Don’t the flowers look real? The centerpiece is one of my latest arrangements. Too soon for the real thing from my garden. The roses are silk in faux water. The yellow rose napkin rings are a package clip-on I bought at a local dollar store. The petals look & feel real. I tied the napkin with a plaid, wired ribbon bow & just clipped them on. The candlesticks are Victorian spatter glass-another co-op find.

Try some flavored butters for your next brunch or tea. My favorite is the chocolate!

Tea Butters

For chocolate butter-melt ½ cup chocolate on low in microwave-I like to use Wilbur buds in dark chocolate. Allow to cool, but still workable. Have about ½ cup butter at room temp. Slowly with a hand mixer, blend chocolate into butter. If it is too runny refrigerate till easier to spread.

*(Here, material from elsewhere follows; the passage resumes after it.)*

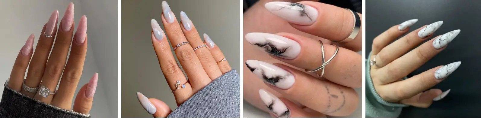 Мраморный маникюр — это элегантный дизайн, вдохновленный природой. Он имитирует на ногтях текстуру натурального камня с характерными прожилками. В этом сезоне актуальны молочные, серые и черные оттенки с золотыми или белыми акцентами. Техника подходит для любой длины ногтей и выглядит стильно в матовом или глянцевом финише.

Fruit butters-For each fruit butter you will need ½ cup whipped butter at room temp & ¼ cup of your favorite flavor of jam-strawberry, raspberry, orange marmalade, blueberry….the combinations are endless.

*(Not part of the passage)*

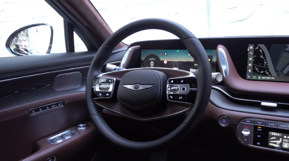 실내는 기함답게 굉장히 고급스럽다. 미래지향적인 디자인을 추구하는 요즘 트렌드를 따라 센터 송풍구 사이에 있던 아날로그 시계를 없앴다. 송풍구가 있는 듯 없는 듯 배치했고 그 아래에는 공조 장치가 그대로 들어간다. 실내에선 도어 손잡이는 보이지 않으며 모두 버튼으로 도어를 열고 닫을 수 있다. 오디오도 달라졌다. 원래 G90에는 렉시콘이 들어갔다. 하지만 이번엔 뱅앤올룹슨을 선택했다. 그리고 세계에선 처음으로 버추얼 베뉴를 적용했다.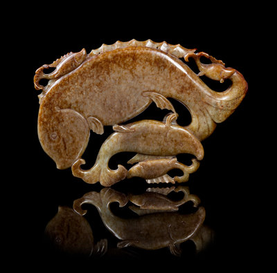of a mottled brown and red stone with areas of russet skin, openworked to show five intertwined fish of graduated size.

With a hand mixer, blend jam into butter. Transfer to a pretty serving dish. Try the orange on a cranberry scone. Mmmm…

Here is a close-up of the napkin ring.

Thoughts of Spring

For the past several days temperatures here have been in the 20's. It snowed Monday & even though the sun has been shining, with the cold temps, the snow has lingered. The pond is frozen over completely, when only last week you could see down to the bottom.

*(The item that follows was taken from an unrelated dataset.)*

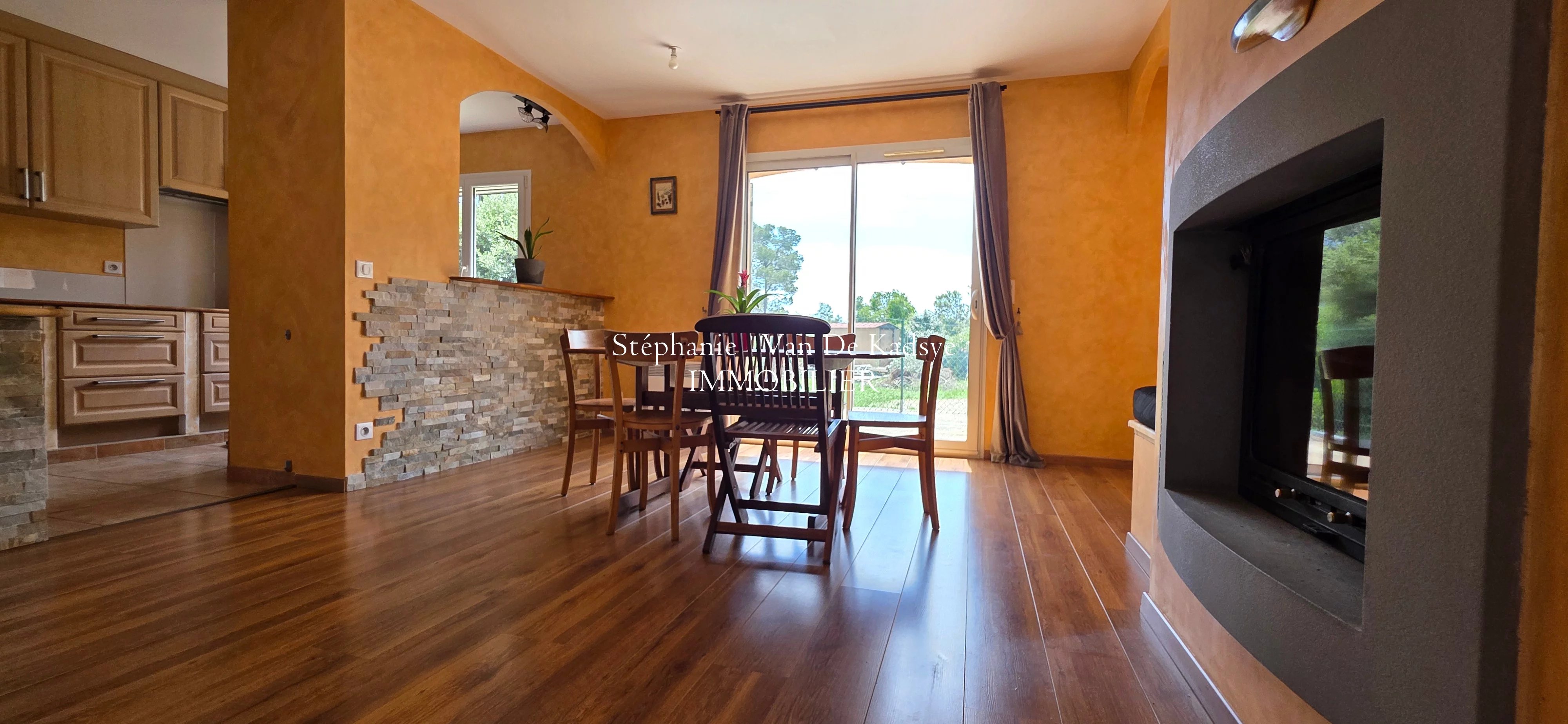 Here is the translation of your text into English:Draguignan, for nature lovers, it is in a calm, preserved residential area, sheltered from view, that I offer you this villa of over 130 m² on a fully fenced 4000 m² plot. Built in 2008, the villa consists on the garden level of an entrance with closet, a fitted kitchen open to the dining room with fireplace, a living room, a utility room, an office, and a toilet. Upstairs, there are four large bedrooms, three of which have closets, a toilet, and a bathroom. All set on a fenced and wooded 4000 m² plot, with a terrace and summer kitchen. If you wish to live in a setting fully dedicated to nature and relaxation, this villa will meet your expectations. Highlights: possible garage, possible swimming pool, south-facing, unobstructed view, no overlooking neighbors, quiet area, easy access, plenty of storage in this villa ideally designed for a family. Property tax: €1917. I remain at your disposal for any information before a visit. Cette annonce immobilière a été rédigée sous la responsabilité éditoriale de l'agent commercial mandataire immobilier Stéphanie VAN DE KADSYE.

For my first Outdoor Wednesday, I profile my garden instead of bleak & snow-covered but as it will be with the first kiss of Spring.

Be sure to visit our hostess for this lovely event at A Southern Daydreamer & join in the fun!

Tuesday, March 3, 2009

Chicken Soup

On Thursday I woke up with a good dose of the common cold. I was still able to function through a normal day but by evening I was pretty beat. My husband came home from work with all the appropriate cold remedies & a bouquet of flowers to brighten my spirits. On Friday morning he woke up with the flu, so we spent the weekend into Monday in turn playing nursemaid to one another. I spent my day Friday running up & down the stirs with Jell-O, water, & chicken soup. Monday it snowed all morning & we spent our day wrapped up in quilts by the fireplace. I made the best of things by flipping though magazines & reading a book I have had for some time, but had not yet read. If you like historical fiction, you may enjoy this one-Thirteen Moons by Charles Frasier. I read Cold Mountain when it first came out. I found it a good read, but a bit grisly at times. Thirteen Moons was excellent & I’d love to see another book from Charles Frasier. Here is one of our favorite “comfort” foods.

Mom’s Chicken Soup

12 cups chicken broth or 2 large cans 49-1/2 oz each
Hand full of baby carrots cut on the diagonal- about 1 cup chopped
1 stalk celery-cut on the diagonal plus leaves finely chopped
Freshly ground sea salt & pepper to taste
¼ teaspoon marjoram – (dried)
1 teaspoon dried or 1 TB fresh-(chopped) parsley
1/8 teaspoon celery salt
1/8 teaspoon garlic granulated
¼ teaspoon granulated onion
1/3 bag of egg noodles

I usually fly-by-the-seat-of my-pants when I am making this recipe, but have tried to measure for once instead of a pinch of this…a dash of that…
I always find it is good for “what ails you”, and if you use a thicker egg noodle, it re-heats well again & again. You can add shredded chicken if you are making your broth from “scratch”

Bring broth or stock to the boil. Add chopped carrots, celery & seasonings. Reduce heat to low, maintain a gentle boil until carrots & celery are fork tender. Sample a spoonful of broth & add more salt/pepper to taste. Add noodles & simmer till noodles are al dente, about ten minutes. You can adjust the amount of noodles to your liking. Remember as they cook, they absorb the broth.